The operation unit 3 of the endoscope 1 is provided with a grip 10 that is provided in continuity with the buckle 9 and that is gripped by a user during use, and is provided with a treatment tool channel (not shown) provided in the insertion unit 2. A treatment tool insertion opening 11 that forms a proximal end opening is provided at a portion where the stopper 9 and the grip 10 are connected.

In addition, the bending section 7 of the insertion section 2 is bent on the grip section 10 of the operation section 3. Here, two bending operation knobs 15 and a section for fixing these bending operation knobs 15 at desired rotation positions are provided. A bending operation section 17 having a fixed lever 16 is provided. Further, the grip 10 is provided with switches 13 and 14 for operating various endoscope functions.

Note that the universal cable 4 of the endoscope 1 maintains connection strength so as to cover the outer peripheral portions of both ends connected to the operation unit 3 or the endoscope connector 5 to prevent damage due to twisting or the like. Are provided.

Next, the configuration of the endoscope connector 5 included in the endoscope 1 of the present embodiment will be described below. In addition, since the endoscope connector 5 of the present embodiment is disposed at the base end of the endoscope 1 which is the end of the universal cable 4, the end connected to the universal cable 4 is the front end (front). The following description may be made with the side connected to the external device as the base end (rear).

First, as shown in FIG. 2, a substantially cylindrical plug portion 30 is formed in two stages continuously from the base end and integrally formed so as to have different outer diameters, and is fixed to the plug portion 30 in a watertight manner. Flange 22 made of a disc-shaped frame and an outer case which is a resin-made tubular case body which is connected to the flange 22 in a water-tight manner and has a diameter reduced toward the buckle 19 on the universal cable 4 side. 23.

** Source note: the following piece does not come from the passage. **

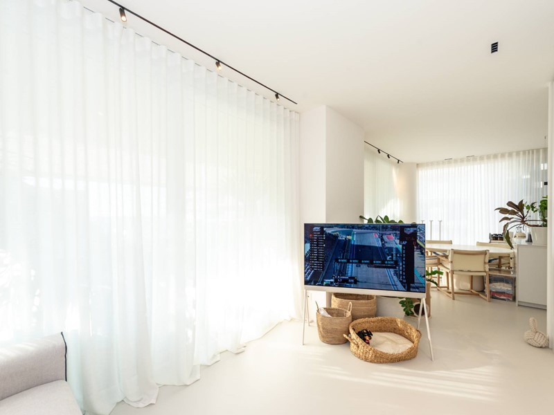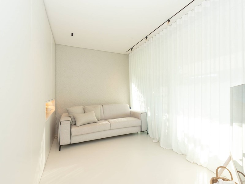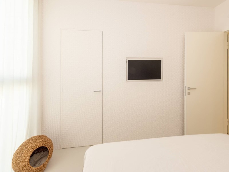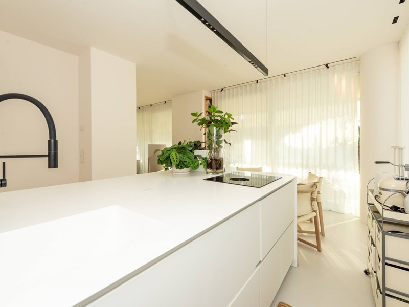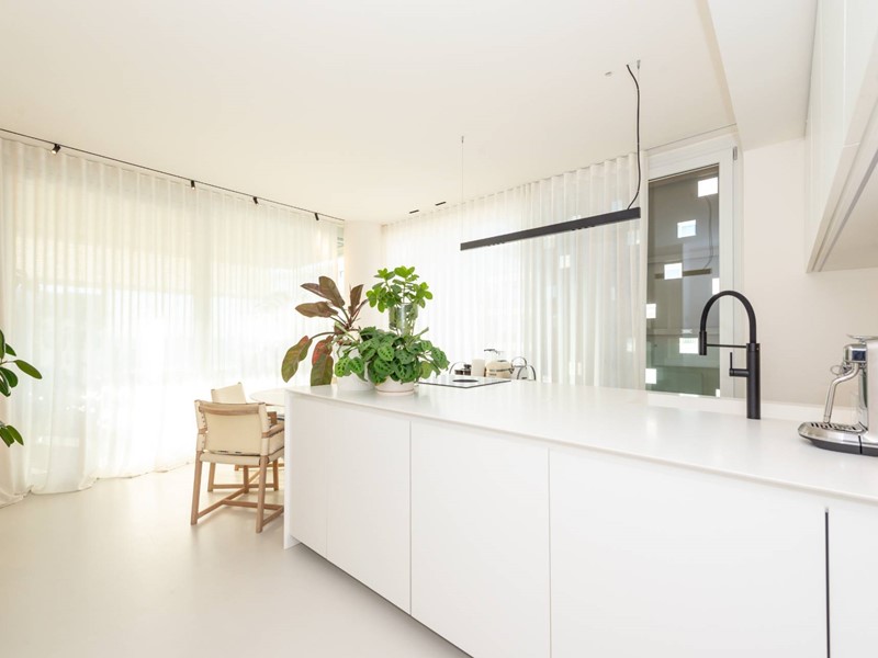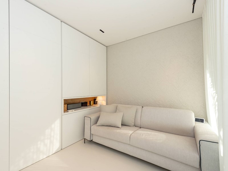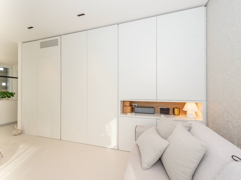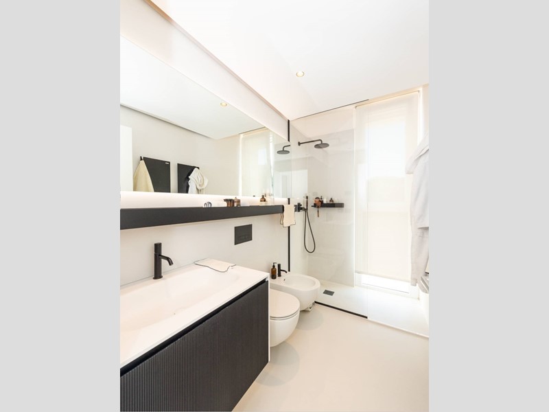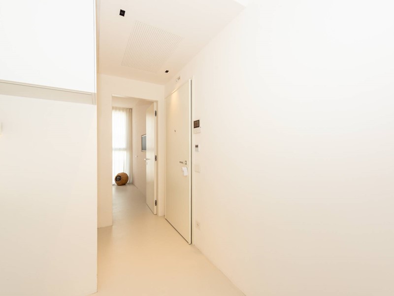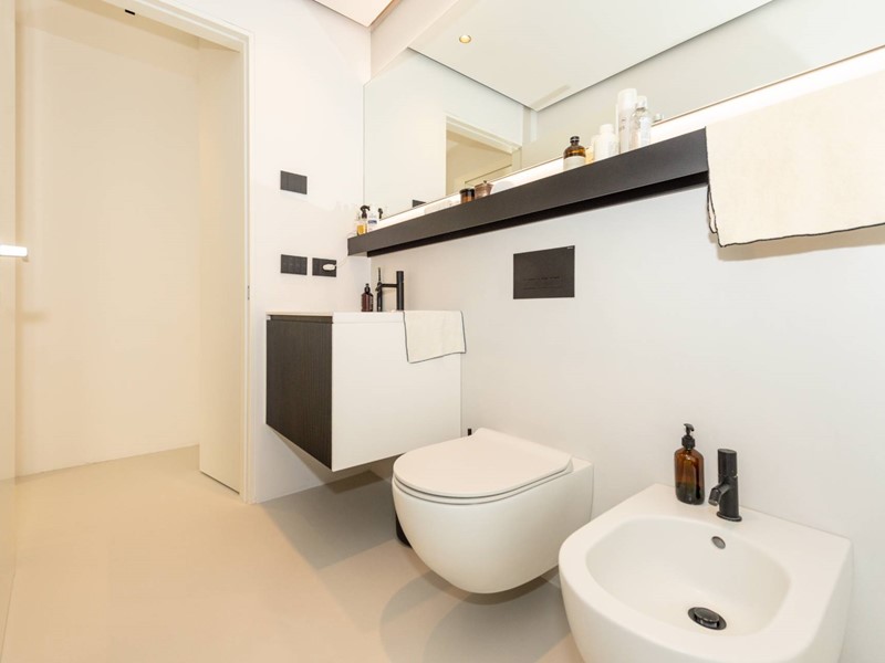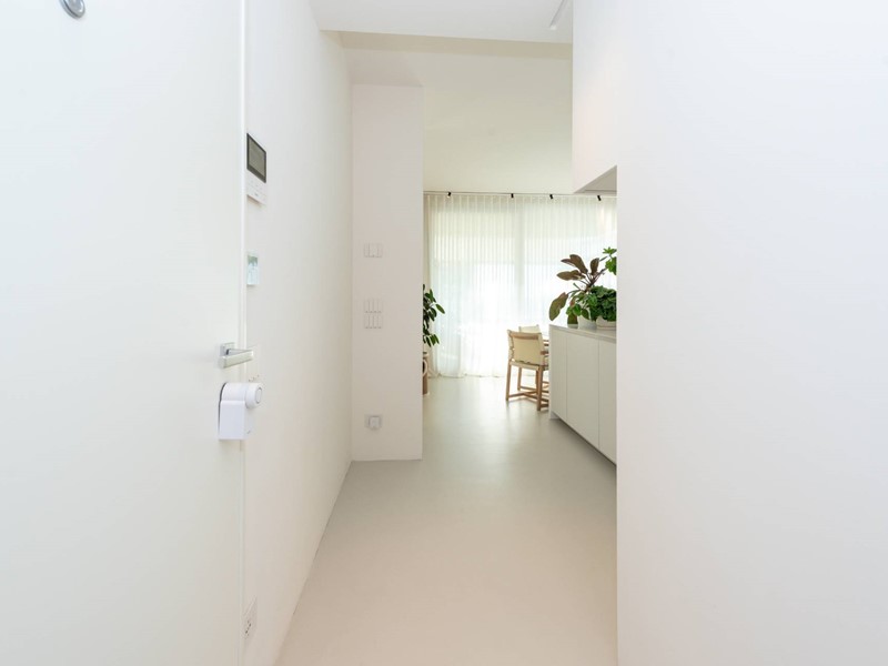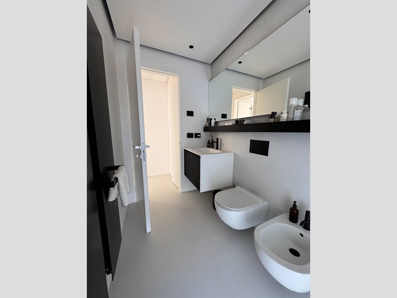 Finiture di pregio: pavimento in resina, serramenti in PVC con doppia vetrocamera e vetro accoppiato esterno, predisposizione allarme sui serramenti e porta blindata. Dotato di riscaldamento a pavimento con pompa di calore, raffrescamento canalizzato e domotica avanzata. Dettagli esclusivi, come la carta da parati in fibre naturali, completano un ambiente elegante e sostenibile.

The plug section 30 has a plurality of electrical contact sections 41 and 42 arranged side by side on the outer surface. A light guide base 21 into which illumination light from an external device such as a light source device enters is extended from an end surface (base end surface) of the plug portion 30. Further, the outer case 23 is provided with a water supply base, a front water supply base, a suction base, and the like (not shown).

Here, the configuration of the plug section 30 as a main part of the present embodiment will be described in detail below.

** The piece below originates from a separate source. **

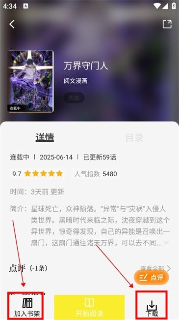 4.如果对该作品感兴趣,还能够添加到书架或是下载到本地中离线阅读
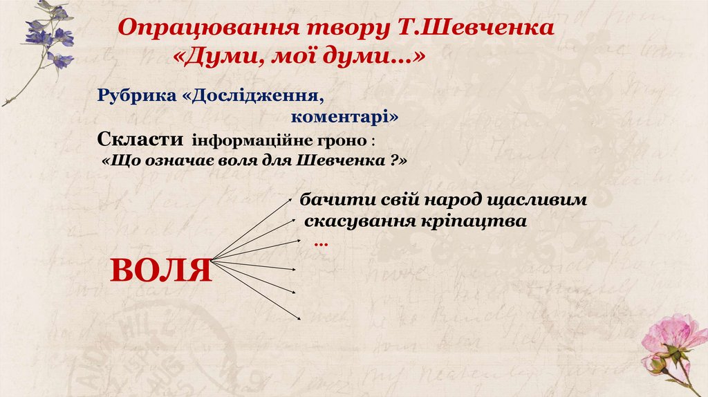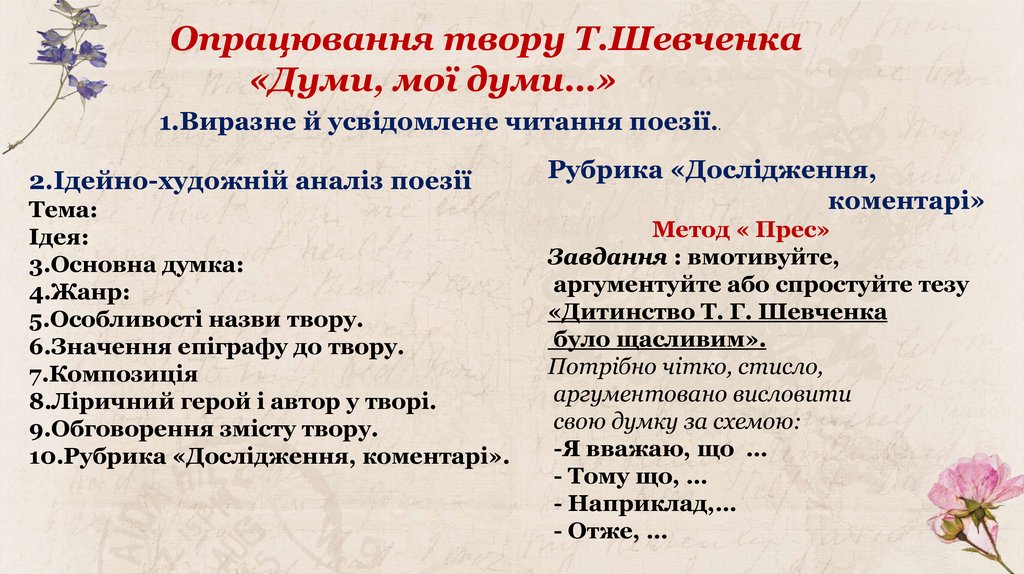 Опрацювання твору Т.Шевченка«Думи, мої думи…»

As shown in FIG. 3, the plug portion 30 includes a flat portion 32 in which a part of the outer periphery of a substantially cylindrical plug main body 31 exposed to the outside in the endoscope connector 5 is cut out, and a distal end from the flat portion 32. And an inclined surface 33 directed to the side.

The plug portion 30 has a stepped columnar connection portion 34 having a smaller diameter than the plug body 31 and connected to the flange portion 22 at the tip end side of the plug body 31.

(4) A plurality of electrical contact portions 42 are juxtaposed on the outer peripheral surface of the plug body 31 of the plug portion 30 so as to be exposed in substantially the same plane. Further, a plurality of electrical contact portions 41 are juxtaposed on the flat portion 32 of the plug portion 30 so as to be exposed in substantially the same plane.

プ ラ グ In the plug portion 30, a metal tubular socket portion 25 to which the light guide base 21 is connected is embedded.

As shown in FIG. 4, the plug portion 30 is a first molded body 40 which is a first molded body formed by injection molding of a super engineering plastic resin of an amorphous resin capable of securing the positional accuracy of the plurality of electrical contact portions 42. And a second molded body 2 covering the outer surface of the primary molded body 40 by injection molding of a super-engineering plastic resin of a crystalline resin having high chemical resistance so that the primary molded body 40 is internally provided. And a next molded body 50. In addition, the exterior of the plug portion 30 is formed by the secondary molded body 50.

As shown in FIG. 5, the primary molded body 40 has an electrical contact holding portion 43 having a half-moon cross-section at a distal end portion which is on the upper side toward the paper surface, and a thick portion on the base end side which is on the lower side toward the paper surface. An electrical contact array portion 44 having a semicircular cross section with a diameter is injection-molded with a super engineering plastic resin.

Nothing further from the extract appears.